We taught the “Race and Oral History in San Diego” amidst the start of the pandemic in the U.S. and at the tail end of the months-long “wildcat” strike led by graduate workers across the UC system demanding a Cost of living Adjustment (COLA). The COLA movement began in Fall 2019 at UC Santa Cruz and spread in February and March to other campuses including UCSD. Graduate workers protested their below-poverty wages while working and living in some of the most expensive cities in the state and while doing the bulk of the teaching and grading labor for the university. In their demands for redistribution and livable conditions, graduate workers were expressing a vision of a radically restructured university that centered the needs of its students, workers, and communities. As administrators retaliated by deploying UC police to surveil and suppress the strike and by firing 54 striking TAs at UC Santa Cruz, the movement garnered wider support across different sectors, including contingent faculty, tenured and tenure-track faculty, and undergraduate students, as well as supporters beyond the UC system.

As UCSD claims the “Race and Oral History in San Diego” course as its own, it will have to confront the fact that the labor of underpaid graduate workers and the unseen care work of students and community members made the course possible. This labor will remain unacknowledged by the university, for acknowledging it would entail facing its own contradictions, as an institution that espouses to care about the wellbeing of its students and community yet through its actions has exacerbated their vulnerability to institutional violence and premature death. As we write this, we are confronting a university bent on opening the campus for in-person classes during a deadly pandemic, putting already vulnerable students, workers and the seldom-mentioned surrounding communities at even greater risk. If the course has taught us anything, it is that in the face of organized abandonment we must continue to build autonomous spaces of community and resistance—within the university but not of the university—that will enable us to survive this collective nightmare and create the world we need and deserve.

AUTHOR BIOS

Yến Lê Espiritu is Distinguished Professor of Ethnic Studies at the University of California, San Diego. She has published extensively on Asian American panethnicity, critical immigration and refugee studies, and U.S. colonialism and wars in Asia. She is a founding faculty member of the Race and Oral History project and co-teaches the course.
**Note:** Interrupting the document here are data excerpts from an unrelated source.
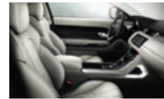
Element Theme (Cirrus/Lunar with Lunar contrast stitching)
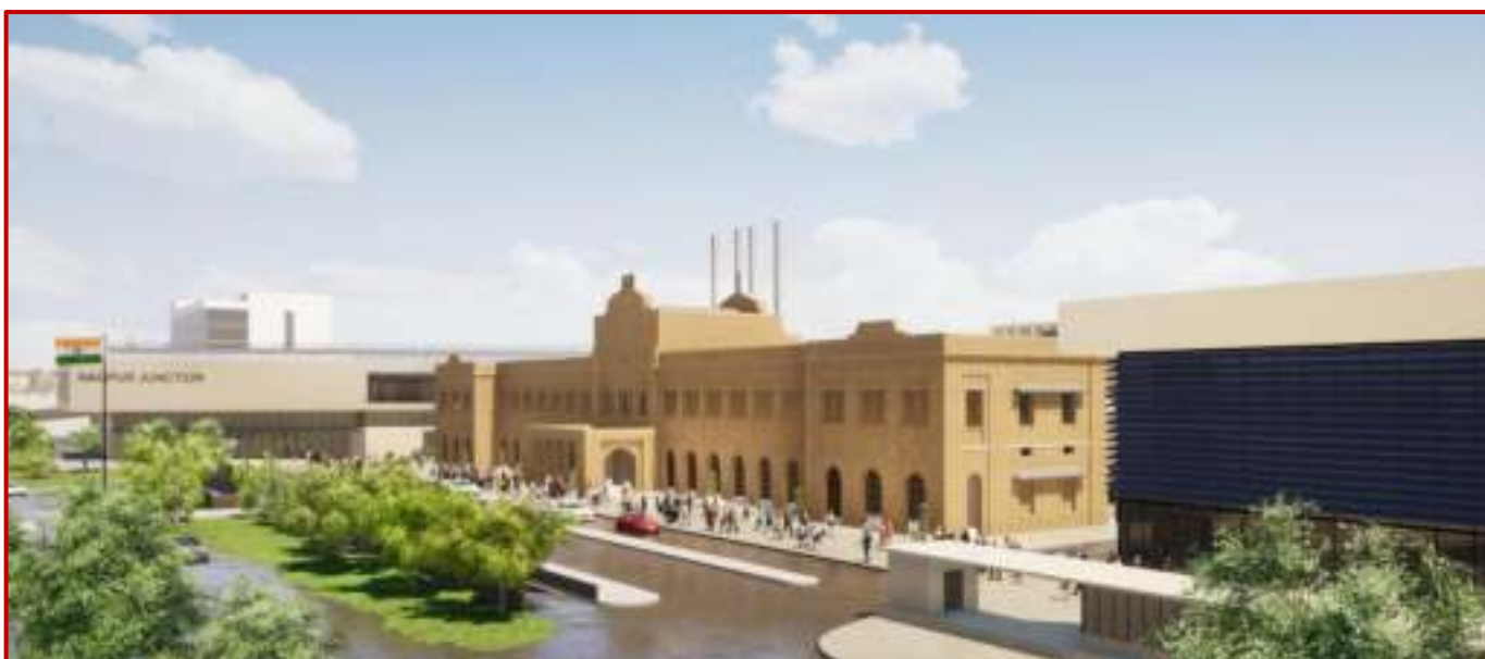
Proposed view from Tekdi Road
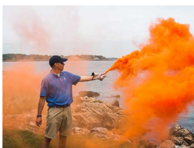
Orange Smoke Flare

Only use the following 2 types of flares (NB: no parachute types) not older than 6 years from date of manufacture:

Adriana Echeverria is a second year PhD student in the department of Ethnic Studies at the University of California, San Diego. Her research focuses on the forced migration of Central American and Caribbean migrants on the Tijuana/San Diego borderlands. She was a Teaching Assistant for the Spring 2020 Race and Oral History course. 
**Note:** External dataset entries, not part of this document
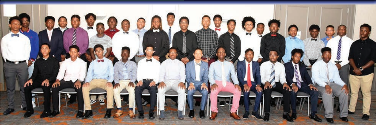
BEAUTILLION KICKOFF: Sponsored by the Fun-Set Charity and Social Club, the kickoff for the annual Beautillion program season was held Sunday, August 11, at the Marriott.
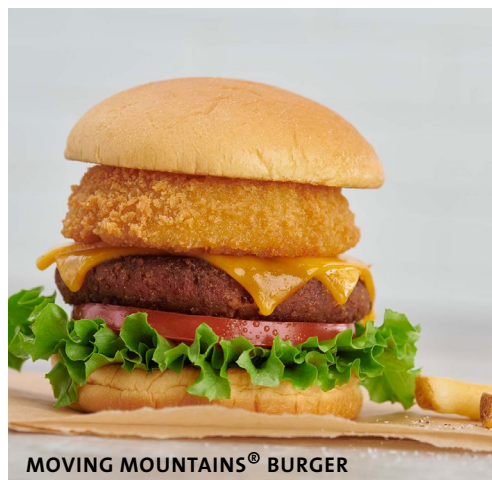
MOVING MOUNTAINS® BURGER
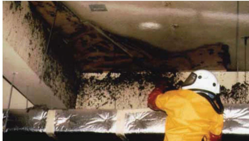
Stripping blue asbestos
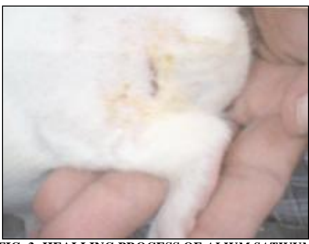
FIG. 3: HEALLING PROCESS OF ALIUM SATIVUM
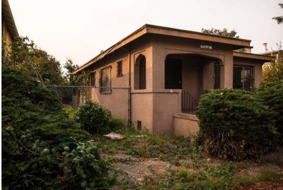
The property at 1310 Haskell Street in Berkeley, Calif., has been the focus of a protracted fight over denser development. Neighbors fought the plan for three houses on the site but lost.
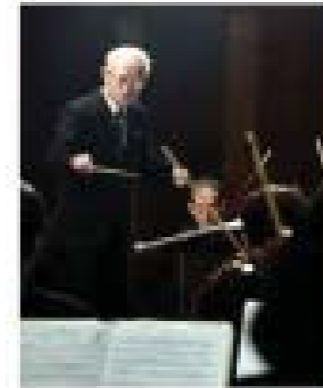
A commemorative concert was given in Pyongyang to mark the 70th anniversary of the National Symphony Orchestra
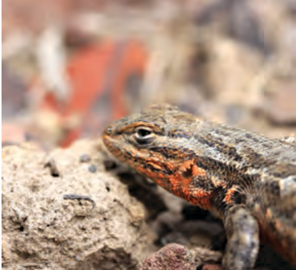
Eastern sagebrush lizard.

The old, old junipers knit the entire scene together. I don't believe trees see or feel or speak in the conventional sense, but they can tell us much about a place and something, maybe, about ourselves.
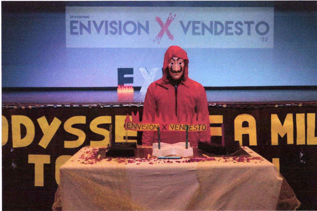
Criteria 3/Department of Business Administration, Department of Commerce/Envision X Vendesto 2022/17th November to 18th January 2022
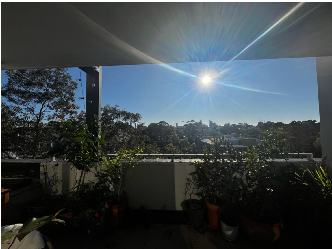
Figure 6 Current view from my balcony, while standing 13/09/25
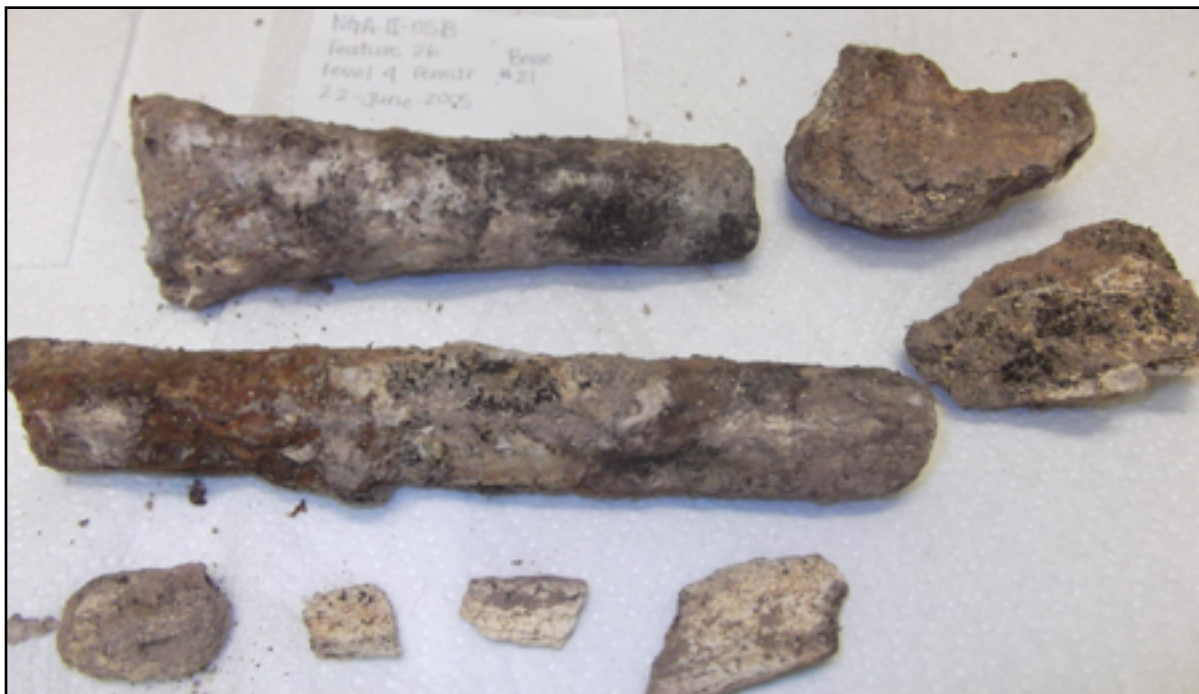
Figure 2. Bone # 21, femur. Pre-cleaning

Each bag was left slightly open to let air out slowly so the bones would not warp or crack with rapid changes in temperature. Florian (1997) has also found that the slower the thawing process, the fewer dormant fungal spores will remain. I also made sure to check for any condensation forming on the inside of the bags, indicating the bones had been wet when frozen and were therefore more fragile. I was prepared to change the bags if condensation occurred to prevent an increase in relative humidity that might activate remaining fungal spores (Chemello personal communication 2012). Every hour, I weighed each individual bone bag to determine if the bones were losing weight, which would also indicate that the bones had been wet when frozen and would require an even slower defrosting process to ensure ice crystal retraction did not damage the skeletal remains (Florian 1997). After four hours, the bones did not sustain any damage from the defrosting process; they were mostly likely moist but not saturated when put into the freezer, preventing any serious damage from occurring. I transferred the bones to fresh bags once more, still partially closed to allow any humidity to escape, and then left the remains in the fume hood for 48 hours to completely dry and acclimate to room temperature.
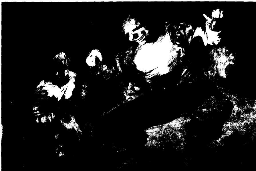
Fig. 8. Francisco de Goya, Disparates Plate 4: Bobalicón , Glasgow Museums: The Stirling Maxwell Collection, Pollok House.

By the time the Annals were published, he was also fascinated by Goya's etchings, though he did not yet know Los Disparates and had not seen the Desastres de la Guerra 57 .
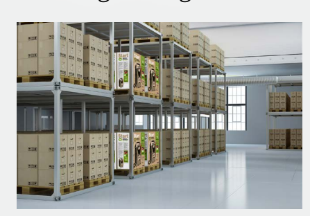
It can be stored in any position, at any temperature (-40^{\circ}\text{C} / +65^{\circ}\text{C}) for years and it does not need any maintenance.
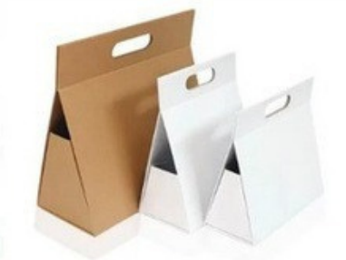
Folding Gift Bag
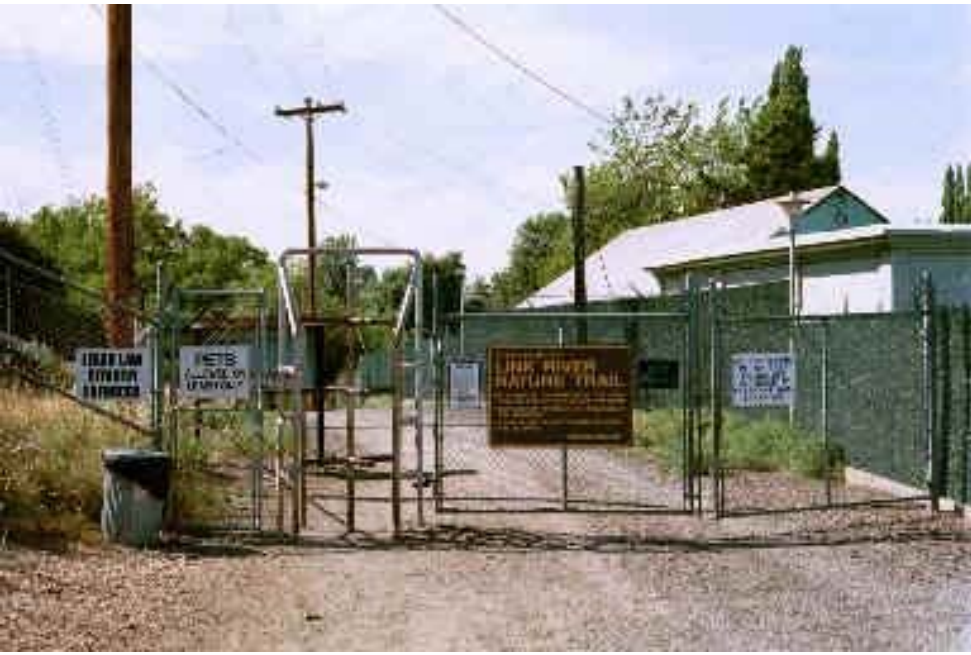
Link River Trail—South Entry

Youngoh Jung is a PhD candidate in the History Department and the Critical Gender Studies Graduate Specialization Program at University of California, San Diego. He specializes in Asian American history with a focus on transpacific militarism during the Cold War. His dissertation examines the history of diasporic Korean militarism and alternative formations of identity and community in the Korean diaspora beyond the US Military Empire in the Asia-Pacific. 

Simeon Man is Associate Professor of History and Director of Asian American and Pacific Islander Studies Program at University of California, San Diego. He is author of Soldiering Through Empire: Race and the Making of the Decolonizing Pacific (University of California Press, 2018). He is a founding faculty member of the Race and Oral History Project and co-teaches the course. 


[1] The course was created by Luis Alvarez, Yến Lê Espiritu, and Simeon Man.